Study Guide for Genetics Test:
Structure of DNA:
DNA molecules are made up of nucleotides. Nucleotides are composed of sugars, phosphates and bases.
The 4 different bases that are part of nucleotides are Adenine, Guanine, Thymine and Cytosine. Chargaff’s
bas-pairing rules state that bases pair like this; Adenine always pairs with Thymine. Cytosine always pairs with
Guanine. A DNA strand such as; TACTCA would pair with strand ATGAGT.
Historical Contributions to the study of Genetics:
1800’s - Gregor Mendel discovered that traits are passed down from parents to offspring when he studied pea
plants. He also discovered dominant and recessive traits.
1950’s - Rosalind Franklin took an x-ray of DNA and discovered the spiral structure of DNA.
1950’s - Watson and Crick used Rosalind Franklins discoveries to develop the first model of DNA.
Inheritance of Traits:
Heredity is the passing of traits from parents to offspring. We get 23 chromosomes from each of our parents.
Genes are located on chromosomes and are a “blueprint” or set of instructions for each trait. Each parent
donates one allele for each trait to its offspring. The two alleles (versions of a gene) donated, one by each
parent, together make up an offspring’s genotype for that trait (Bb). The physical expression of the trait (what
you see), that is inherited such as brown eyes or freckled skin, is an organisms phenotype. Organisms inherit
many different traits. Inherited traits are those coded in our DNA. Some examples of inherited traits include;
hair color, eye color, skin color, nose shape, or size of ears. Non- inherited traits (such as personality,
hairstyle, and level of physical fitness) are products of one’s environment or habits.
Traditional Dominance: One allele is completely dominant over the other. Most of the genetics examples we
use in 7th grade science are like this. Example: Brown eyes are dominant to blue eyes.

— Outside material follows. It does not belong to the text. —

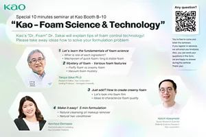 และสารอื่นๆอีกมากมายที่ใช้ได้ทั้งใน Personal care และ Household care ซึ่งได้รับความสนใจจากผู้เข้าร่วมงานเป็นอย่างมาก รวมถึงยังได้จัด Mini-seminar ในหัวข้อ "Kao-Foam Science & Technology" โดยมีผู้เชี่ยวชาญจาก Kao Corporation และ Kao Industrial (Thailand) Co., Ltd เป็นผู้บรรยาย ให้ความรู้และเทคนิคด้านต่างๆ ดังนี้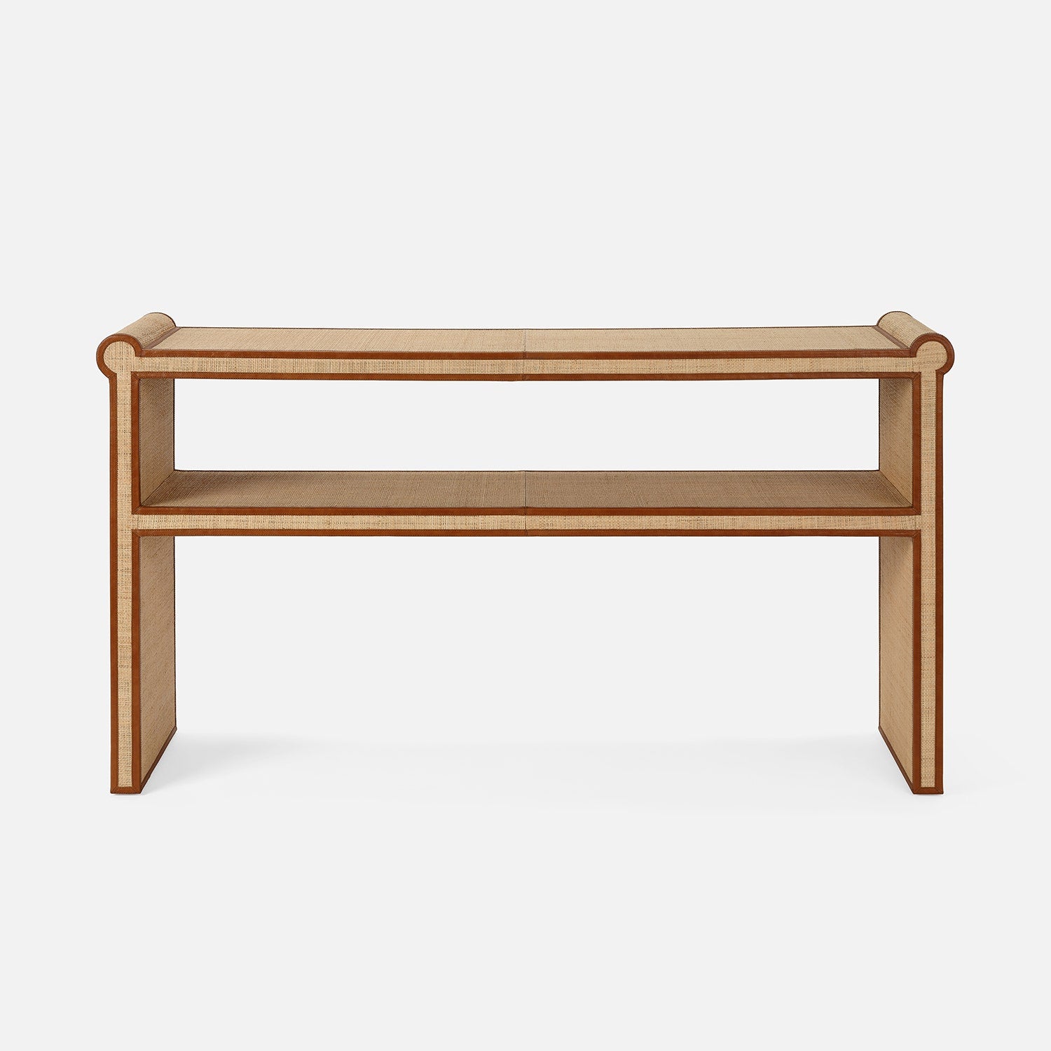 Our Matthew is crafted from raffia and instills a stately presence. A full-grain leather trim outlines the unique shape of the console. Given the nature of the material, variations and slight irregularities in color, fraying, patterns, and weaves may occur.

Incomplete Dominance occurs or happens because one trait is not completely dominant over another. Each
allele for a trait has its own influence on the phenotype. Red and white flower is crossed results in a pink
flower (flower is neither red nor white, but a mix between the two).
Co-Dominance occurs or happens when 2 alleles are dominant and so you see both traits.
Zebras are both black and white so both alleles are dominant.
One gene can influences many traits. This happens when different traits are found together because are
coded for by the same gene. Example: white tigers always have blue eyes, because the gene for white fur is
the same for blue eyes.
Many genes can influence a single trait. Several genes act together to make one characteristic. Color of skin,
and eye color. These traits can be influenced by your environment. Healthy diet and exercise can influence
these traits.
Different types of alleles can be either dominant or recessive. In genetics, dominant genes are represented by
capital letters (B), and recessive genes are represented by lowercase letters (b). A dominant gene will always
show through if it is present (BB, Bb). A recessive trait cannot appear unless two recessive alleles (bb) are
inherited.
Punnett Squares are used to show the probability that offspring (babies) will inherit different traits, based on
their parents’ genotypes. Each box represents a 25% chance of offspring inheriting that combination of alleles.
Gene: Eye color
Alleles: Brown (B) and blue (b)
Homozygous / Purebred - Genotypes that have two of the same alleles: either dominant (BB) or recessive (bb).
Heterozygous / Hybrid– Genotypes that include 2 different alleles, (Dd).
*Example Punnett Square Problem: Two brown eyed parents are both heterozygous for that trait. What are
the chances that they will have a child with blue eyes?
B
B
b
Genotypic Ratio is:
b
BB
Bb
Bb
bb
1 : 2: 1
BB Bb bb
Phenotypic Ratio is: ___3__ : ___1__
Dominant : Recessive
Chance of child having blue eyes: 25%
Genetic Engineering is the transfer of genes from one organism to another. This transfer of genes from one
organism to another is usually intended to make new, improved plants and animals, or to fight diseases using
gene therapies. Examples: making plants that are resistant to parasites, corn that grows bigger to provide
more food, using harmless viruses to introduce helpful genes to patients suffering from genetic disorders.
Some scientists argue that genetic engineering may cause unknown health risks or could cause organisms to
become genetically weak and prone to disease or disorders.